[EXTRACTED RECORDS]
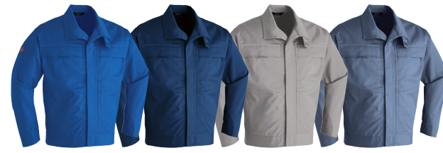
5 ブルー 7 ネイビー 8 ベージュ 10 グレー
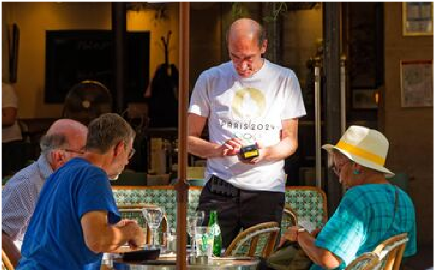
Les hôteliers sourient, les restaurateurs pleurent : le bilan du tourisme contrasté après les JO de Paris P
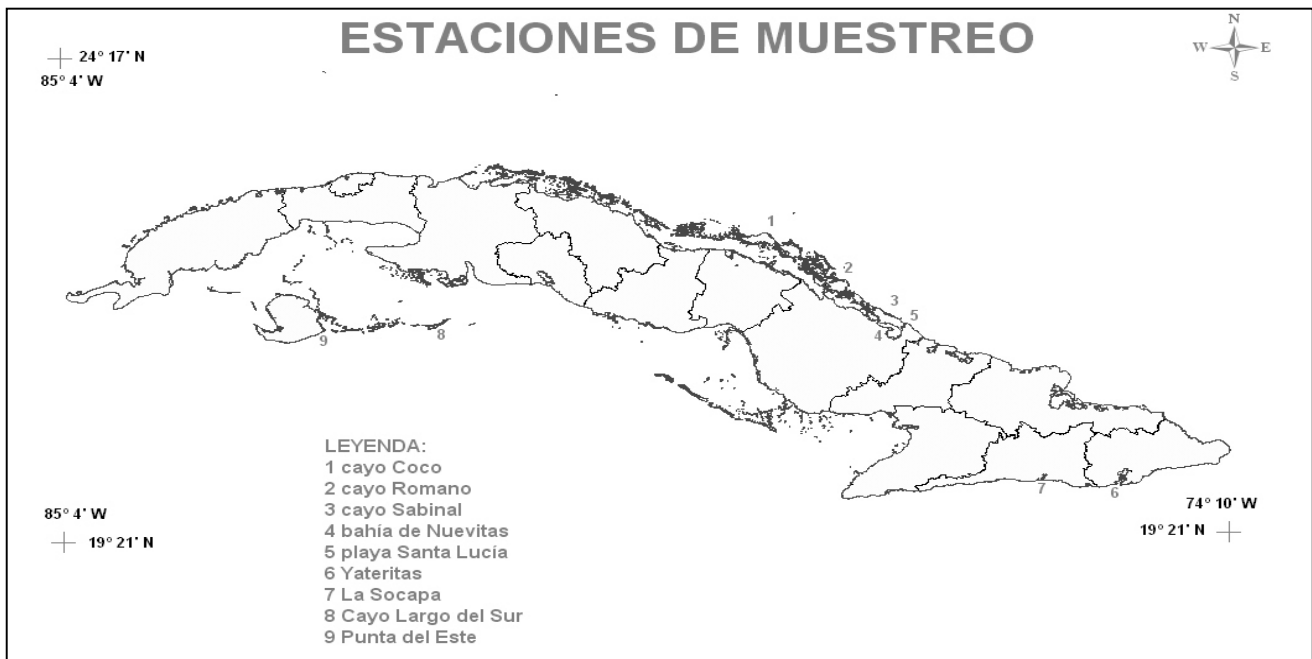
Fig. 1. Estaciones de muestreo donde se evaluó la biomasa de arribazón de Sargassum .
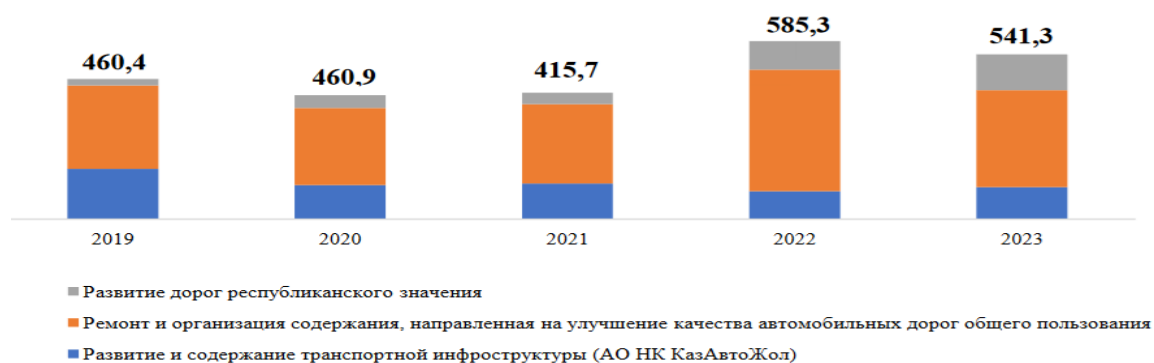
Рисунок 2 - Объем финансирования автодорог за 2019-2023 годы Примечание: основано на источнике [4]

В частности, в 2023 году на развитие автодорог, в том числе ремонт, содержание, улучшение качества, строительство и реконструкцию автомобильных дорог за счет внешних займов, трансфертов из Нацфонда и средств республиканского бюджета было выделено 541,3 млрд тенге [4].
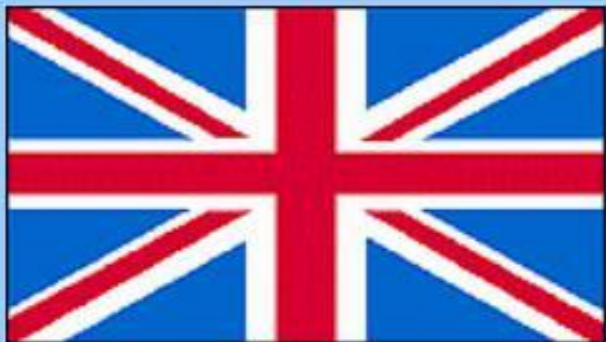
Соединённое Королевство Великобритании и Северной Ирландии
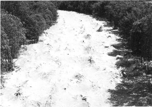
Bild 7. Spülung des Staubeckens Ova Spin oberhalb Zernez GR. Der Restwasserbach Spöl schwillt auf das über 50fache seines normalen Abflusses an. Stehende Wellen zeigen die Lage der wandernden Geschieberücken.
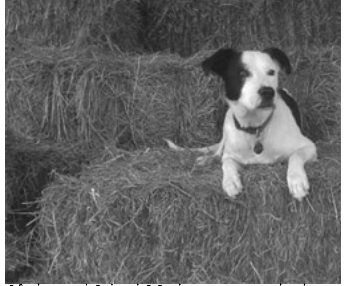
சிறீலங்கா சுதந்திரக் கட்சியிலுள்ள ஜனநாயக எண்ணம் கொண்டவர்களும் கோரி வருகின்றனர்.

மறுபக்கத்தில் இந்த 13ஆவது திருத்தச் சட்டத்தில் மாற்றங்கள் எதுவும் செய்யாமல், அதை அப்படியே அமுல்படுத்த வேண்டும் என, அரசாங்கத்தில் அங்கம் வகிக்கும் இடதுசாரிக் கட்சிகளும், தமிழ் - முஸ்லீம் மக்களைப் பிரதிநிதித்துவம் செய்யும் கட்சிகளும்,
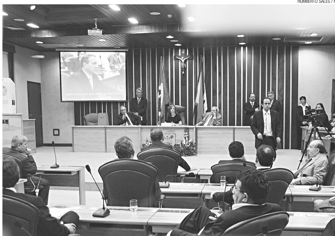
Maioria dos deputados se diz favorável ao projeto do governo, mas oposição espera esclarecimentos na audiência

Na sessão plenária de ontem, quando apenas oito deputados estavam presentes, o projeto foi lido para os poucos presentes. O valor do estádio, inclusive, impressionou alguns deputados. "Eu não sabia desse valor. O Governo terá de explicar a sua situação financeira e
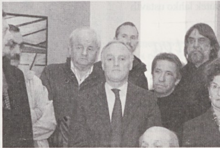
Obiskovalci razstave v Galeriji Banke Koper, 27. 2. 2009, v organizaciji Obalnih galerij Piran.
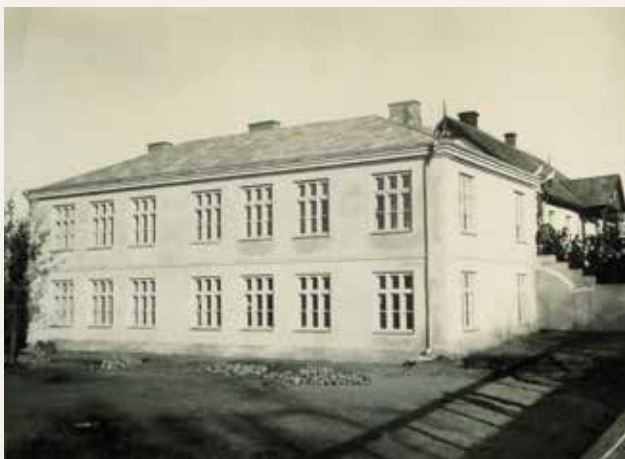
Otwarcie nowego budynku szkoły - 1934 r.
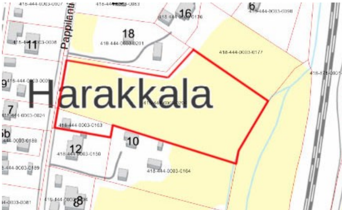
KARTTA 1. Suunnittelualueen sijainti ja likimääräinen raja

Suunnittelualue sijaitsee Harakkalassa Pappilantien ja rautatien välissä. Alueen koko on noin 1,1 ha.
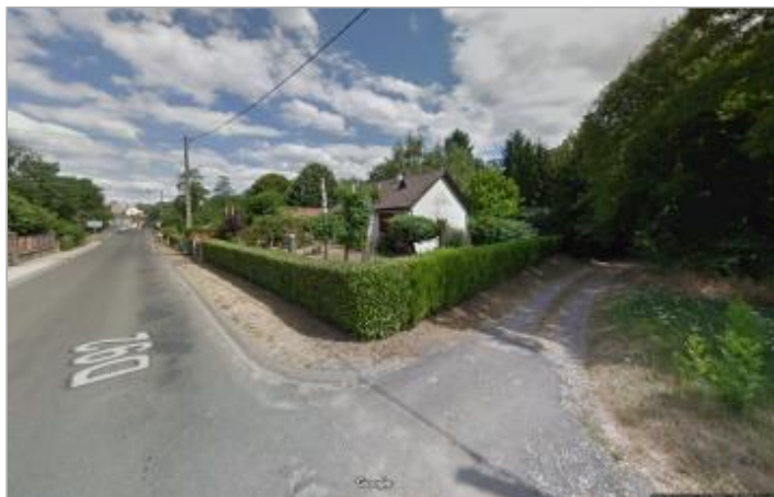
Vue du site en 2013
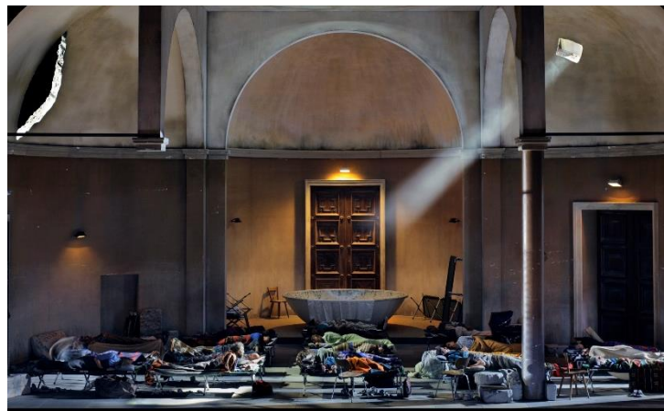
Het klooster als toevluchtsoord

Laufenberg blijft enerzijds dicht bij de tekst maar gaat anderzijds een stap verder. Het uitgevoerde ritueel is namelijk niets minder dan een bloedoffer. Amfortas wordt verwond en verliest zoveel bloed dat hij na korte tijd in een grote plas lijkt te liggen. We zien een soort wonderbaarlijke
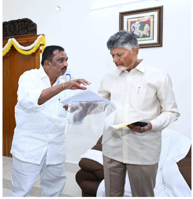
ఒంటిమిట్ట, (ప్రజా సీమ) : కోదండ రాముని కళ్యాణానికి విచ్చేసి ఒంటిమిట్ట దేవస్థానం గెస్ట్ హౌస్ నందు ఉన్న రాష్ట్ర ముఖ్యమంత్రి నారా చంద్రబాబు నాయుడు ని కలిసి ఒంటిమిట్ట అభివృద్ధికి నోచుకోవడానికి ఒంటిమిట్ట దేవాలయానికి వరమడ వీధి పోటు (కడప నుండి
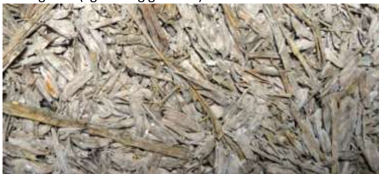
Zoom sur un béton balle de riz - paille de riz broyée

Les essais balle de riz-chènevotte ont été refaits en remplaçant la chènevotte par la paille de riz broyée. Cette paille a la particularité d'être souple et de s'effilocheur quand on la broie. Elle est beaucoup plus efficace que la chènevotte pour alléger les bétons. Il faut remplacer au moins 15% de balle de riz (en masse) par de la paille de riz broyée pour alléger suffisamment les bétons de balle de riz. En dessous de cette proportion, la paille allège peu, mais renforce néanmoins la solidité des bétons. Cette amélioration de la résistance mécanique permet de diminuer la proportion de chaux, ce qui allège d'autant plus les bétons (et donc de les rendre plus performant thermiquement). Les essais donnent de bons résultats en diminuant les proportions de chaux jusqu'à un dosage 1-1 (kg liant-kg granulat).
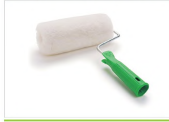
PÖSTEKİ BOYA RULOLARI
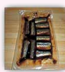
さんま洋風煮 40g 77円/50g 86円(税込)
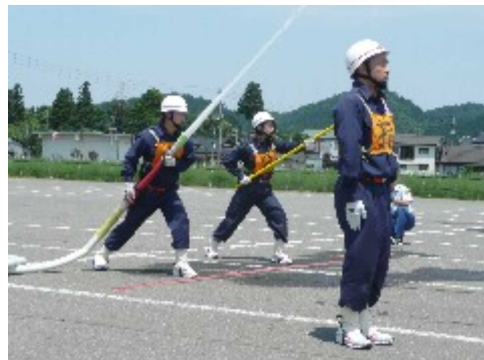
白熱した小型ポンプ操法競技
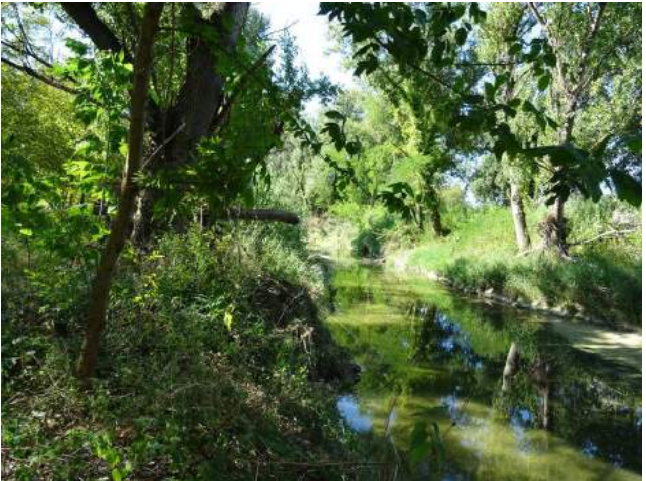
122. Fiume Misa
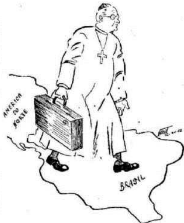
O Cardinal Spelman carregando os minérios do Brasil. Esse o fito da sua viagem. O Brasil é o "quintal" do Vaticano e dos Americanos!...

Em consequência disso, requereu a Autora mandado de Segurança contra o ato do Sr. Presidente da República da época, que acolheu dita representação e, com isso, violou as franquias constitucionais da liberdade de culto que mili-
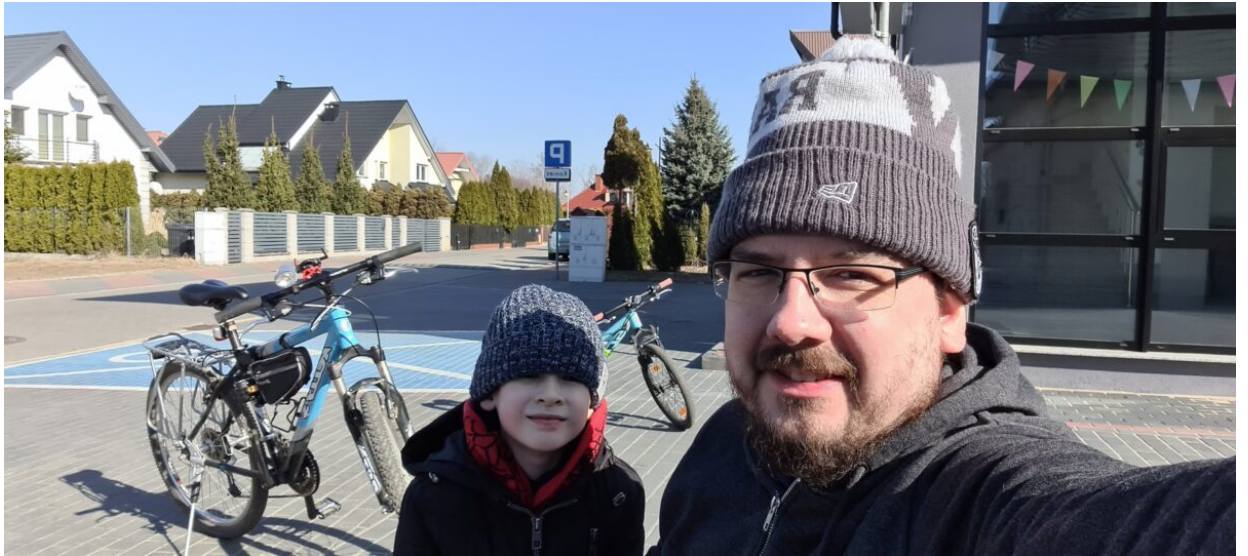
Rowerowanie po Czarnowcu i okolicy
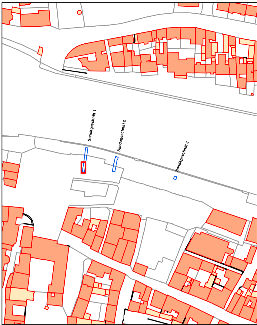
Ausschnitt aus der Flurkarte M 1 : 2 500. Der nebenstehende Planausschnitt ist rot hervorgehoben.
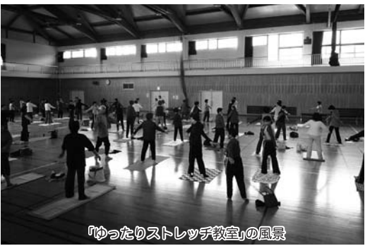
「ゆったりストレッチ教室」の風景

答 ありがたい指摘を頂いた。「ゆったりストレッチ教室」は、市民の健康づくりに大変貢献している。今後は「ゆったりストレッチ教室」を拡大して介護予防を真剣に考えたい。
[/EXTRACTED RECORDS]
Could you give all the records again, exactly, minus the pictures?

■ RESULT FOR THIS EXERCISE ■
5 ブルー 7 ネイビー 8 ベージュ 10 グレー
Les hôteliers sourient, les restaurateurs pleurent : le bilan du tourisme contrasté après les JO de Paris P
Fig. 1. Estaciones de muestreo donde se evaluó la biomasa de arribazón de Sargassum .
Рисунок 2 - Объем финансирования автодорог за 2019-2023 годы Примечание: основано на источнике [4]

В частности, в 2023 году на развитие автодорог, в том числе ремонт, содержание, улучшение качества, строительство и реконструкцию автомобильных дорог за счет внешних займов, трансфертов из Нацфонда и средств республиканского бюджета было выделено 541,3 млрд тенге [4].
Соединённое Королевство Великобритании и Северной Ирландии
Bild 7. Spülung des Staubeckens Ova Spin oberhalb Zernez GR. Der Restwasserbach Spöl schwillt auf das über 50fache seines normalen Abflusses an. Stehende Wellen zeigen die Lage der wandernden Geschieberücken.
சிறீலங்கா சுதந்திரக் கட்சியிலுள்ள ஜனநாயக எண்ணம் கொண்டவர்களும் கோரி வருகின்றனர்.

மறுபக்கத்தில் இந்த 13ஆவது திருத்தச் சட்டத்தில் மாற்றங்கள் எதுவும் செய்யாமல், அதை அப்படியே அமுல்படுத்த வேண்டும் என, அரசாங்கத்தில் அங்கம் வகிக்கும் இடதுசாரிக் கட்சிகளும், தமிழ் - முஸ்லீம் மக்களைப் பிரதிநிதித்துவம் செய்யும் கட்சிகளும்,
Maioria dos deputados se diz favorável ao projeto do governo, mas oposição espera esclarecimentos na audiência

Na sessão plenária de ontem, quando apenas oito deputados estavam presentes, o projeto foi lido para os poucos presentes. O valor do estádio, inclusive, impressionou alguns deputados. "Eu não sabia desse valor. O Governo terá de explicar a sua situação financeira e
Obiskovalci razstave v Galeriji Banke Koper, 27. 2. 2009, v organizaciji Obalnih galerij Piran.
Otwarcie nowego budynku szkoły - 1934 r.
KARTTA 1. Suunnittelualueen sijainti ja likimääräinen raja

Suunnittelualue sijaitsee Harakkalassa Pappilantien ja rautatien välissä. Alueen koko on noin 1,1 ha.
Vue du site en 2013
Het klooster als toevluchtsoord

Laufenberg blijft enerzijds dicht bij de tekst maar gaat anderzijds een stap verder. Het uitgevoerde ritueel is namelijk niets minder dan een bloedoffer. Amfortas wordt verwond en verliest zoveel bloed dat hij na korte tijd in een grote plas lijkt te liggen. We zien een soort wonderbaarlijke
ఒంటిమిట్ట, (ప్రజా సీమ) : కోదండ రాముని కళ్యాణానికి విచ్చేసి ఒంటిమిట్ట దేవస్థానం గెస్ట్ హౌస్ నందు ఉన్న రాష్ట్ర ముఖ్యమంత్రి నారా చంద్రబాబు నాయుడు ని కలిసి ఒంటిమిట్ట అభివృద్ధికి నోచుకోవడానికి ఒంటిమిట్ట దేవాలయానికి వరమడ వీధి పోటు (కడప నుండి
Zoom sur un béton balle de riz - paille de riz broyée

Les essais balle de riz-chènevotte ont été refaits en remplaçant la chènevotte par la paille de riz broyée. Cette paille a la particularité d'être souple et de s'effilocheur quand on la broie. Elle est beaucoup plus efficace que la chènevotte pour alléger les bétons. Il faut remplacer au moins 15% de balle de riz (en masse) par de la paille de riz broyée pour alléger suffisamment les bétons de balle de riz. En dessous de cette proportion, la paille allège peu, mais renforce néanmoins la solidité des bétons. Cette amélioration de la résistance mécanique permet de diminuer la proportion de chaux, ce qui allège d'autant plus les bétons (et donc de les rendre plus performant thermiquement). Les essais donnent de bons résultats en diminuant les proportions de chaux jusqu'à un dosage 1-1 (kg liant-kg granulat).
PÖSTEKİ BOYA RULOLARI
さんま洋風煮 40g 77円/50g 86円(税込)
白熱した小型ポンプ操法競技
122. Fiume Misa
O Cardinal Spelman carregando os minérios do Brasil. Esse o fito da sua viagem. O Brasil é o "quintal" do Vaticano e dos Americanos!...

Em consequência disso, requereu a Autora mandado de Segurança contra o ato do Sr. Presidente da República da época, que acolheu dita representação e, com isso, violou as franquias constitucionais da liberdade de culto que mili-
Rowerowanie po Czarnowcu i okolicy
Ausschnitt aus der Flurkarte M 1 : 2 500. Der nebenstehende Planausschnitt ist rot hervorgehoben.
「ゆったりストレッチ教室」の風景

答 ありがたい指摘を頂いた。「ゆったりストレッチ教室」は、市民の健康づくりに大変貢献している。今後は「ゆったりストレッチ教室」を拡大して介護予防を真剣に考えたい。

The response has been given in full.